## Goal of the exercise
Line by line, repeat the material below exactly and skip the images.

## Material provided
%%
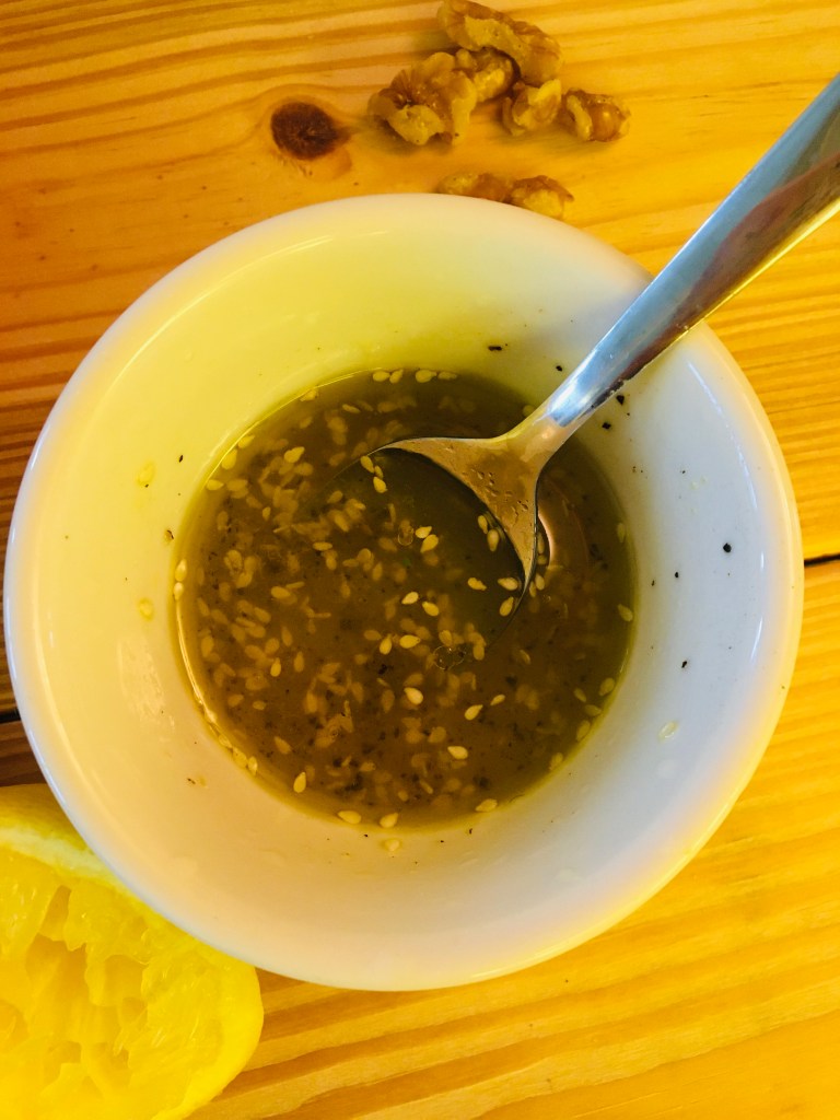 One of my favorite dressings! Lemon, olive oil and sesame seeds go together so well! You usually don’t see lemon going together with sesame but in this recipe it will show u just how good lemon and sesame together are!!!
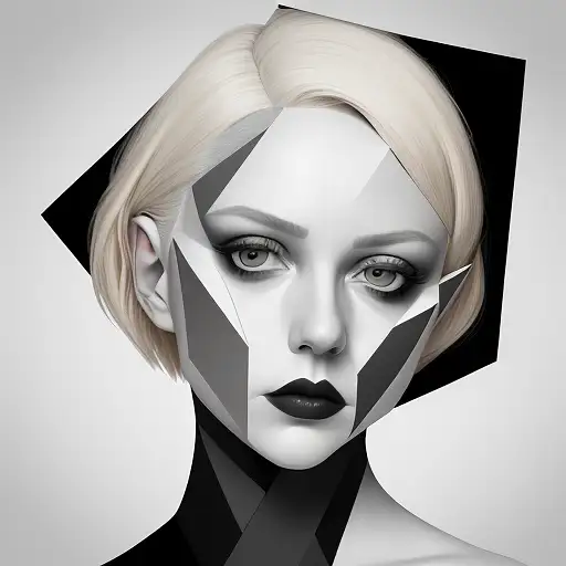 11 months ago A close-up portrait of a woman with short platinum blonde hair, in the style of Irving Penn and Pablo Picasso, merging high-contrast black-and-white photography with abstract cubist elements, sharp angles, and fragmented shapes, the woman's face partially obscured by bold geometric patterns, capturing a striking balance between realism and abstraction, her expression enigmatic and compelling --ar 3:4 --quality 2 --v 6.1 FRACTAL 0 26
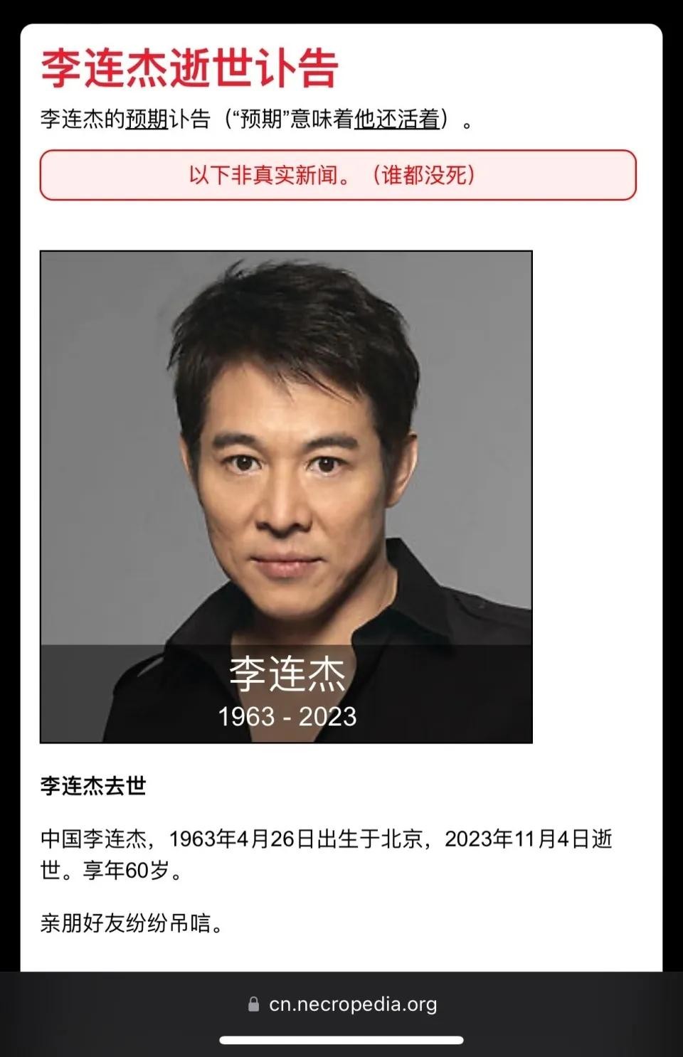 最近,一条外媒的讣告登上热搜,大意是说中国武打明星李连杰因病去逝,享年60岁。
%%
## Reply
 One of my favorite dressings! Lemon, olive oil and sesame seeds go together so well! You usually don’t see lemon going together with sesame but in this recipe it will show u just how good lemon and sesame together are!!!
 11 months ago A close-up portrait of a woman with short platinum blonde hair, in the style of Irving Penn and Pablo Picasso, merging high-contrast black-and-white photography with abstract cubist elements, sharp angles, and fragmented shapes, the woman's face partially obscured by bold geometric patterns, capturing a striking balance between realism and abstraction, her expression enigmatic and compelling --ar 3:4 --quality 2 --v 6.1 FRACTAL 0 26
 最近,一条外媒的讣告登上热搜,大意是说中国武打明星李连杰因病去逝,享年60岁。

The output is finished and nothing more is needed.